See how these files are all sequential over time:

*_20090412T235945_20090413T235944_*    ### April 13
*_20090413T235945_20090414T235944_*    ### April 14

So I need to take the 15 lines snipped off the April 14 example above and paste it to the end of the April 13 example.

This doesn't have to be part of the original code, in fact it would be probably best if it weren't. I was just hoping someone would be able to help me get this going.

Thanks in advance! If there is anything I have been unclear about and needs further explanation please let me know.

Vlad
  • 135
  • 2
  • 13

3 Answers3

4

"I need to strip the first 15 lines off one file and paste them to the end of the previous file in the sequence."

If I understand what you want correctly, it can be done with one line of code:

awk 'NR==1 || FNR==16{close(f); f=FILENAME ".new"} {print>f}' file1 file2 file3

When this has run, the files file1.new, file2.new, and file3.new will be in the new form with the lines transferred. Of course, you are not limited to three files: you may specify as many as you like on the command line.

Example

To keep our example short, let's just strip the first 2 lines instead of 15. Consider these test files:

$ cat file1
1
2
3
$ cat file2
4
5
6
7
8
$ cat file3
9
10
11
12
13
14
15

Here is the result of running our command:

$ awk 'NR==1 || FNR==3{close(f); f=FILENAME ".new"} {print>f}' file1 file2 file3
$ cat file1.new
1
2
3
4
5
$ cat file2.new
6
7
8
9
10
$ cat file3.new
11
12
13
14
15

As you can see, the first two lines of each file have been transferred to the preceding file.

How it works

awk implicitly reads each file line-by-line. The job of our code is to choose which new file a line should be written to based on its line number. The variable f will contain the name of the file that we are writing to.

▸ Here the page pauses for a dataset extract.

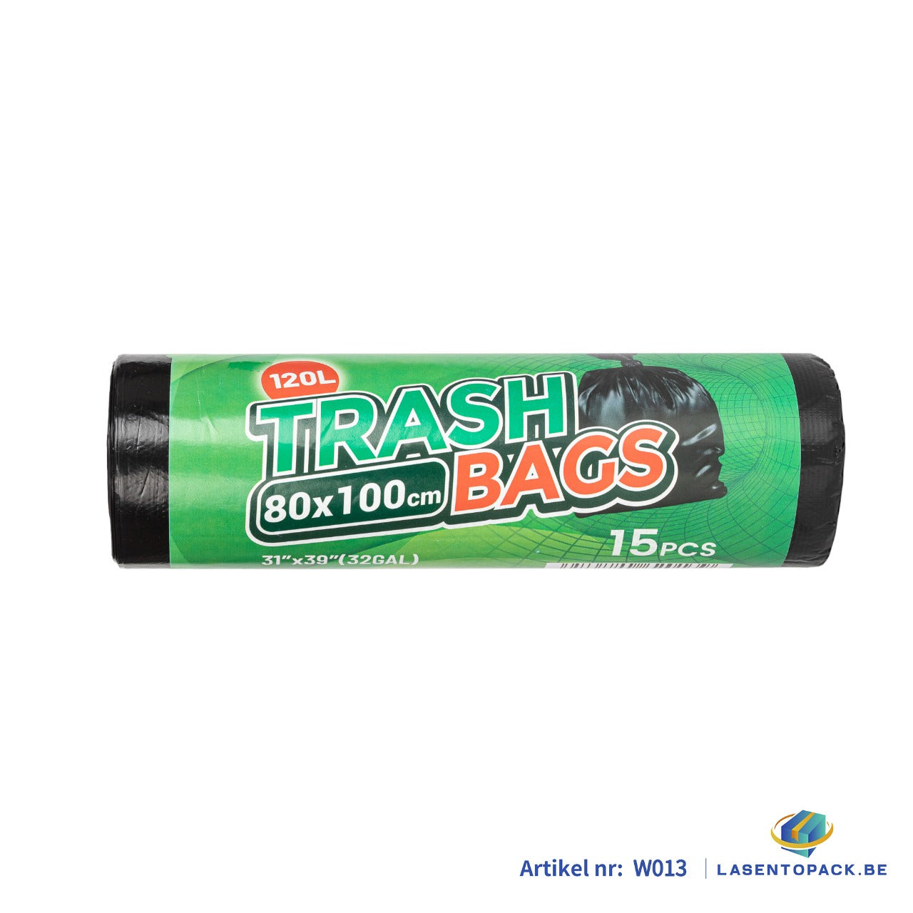 Stuks Zwarte Afvalzakken 120L – 80x100 cm – 15 Stuks op Rol

  • NR==1 || FNR==16{f=FILENAME ".new"}

    When we are reading the first line of the first file, NR==1, or when we are reading the 16th line of whatever file we are on, FNR==16, we update f to be the name of the current file with .new added to the end.

    For the short example, which transferred 2 lines instead of 15, we used the same code but with FNR==16 replaced with FNR==3.

  • print>f

    This prints the current line to file f.

    (If this was a shell script, we would use >>. This is not a shell script. This is awk.)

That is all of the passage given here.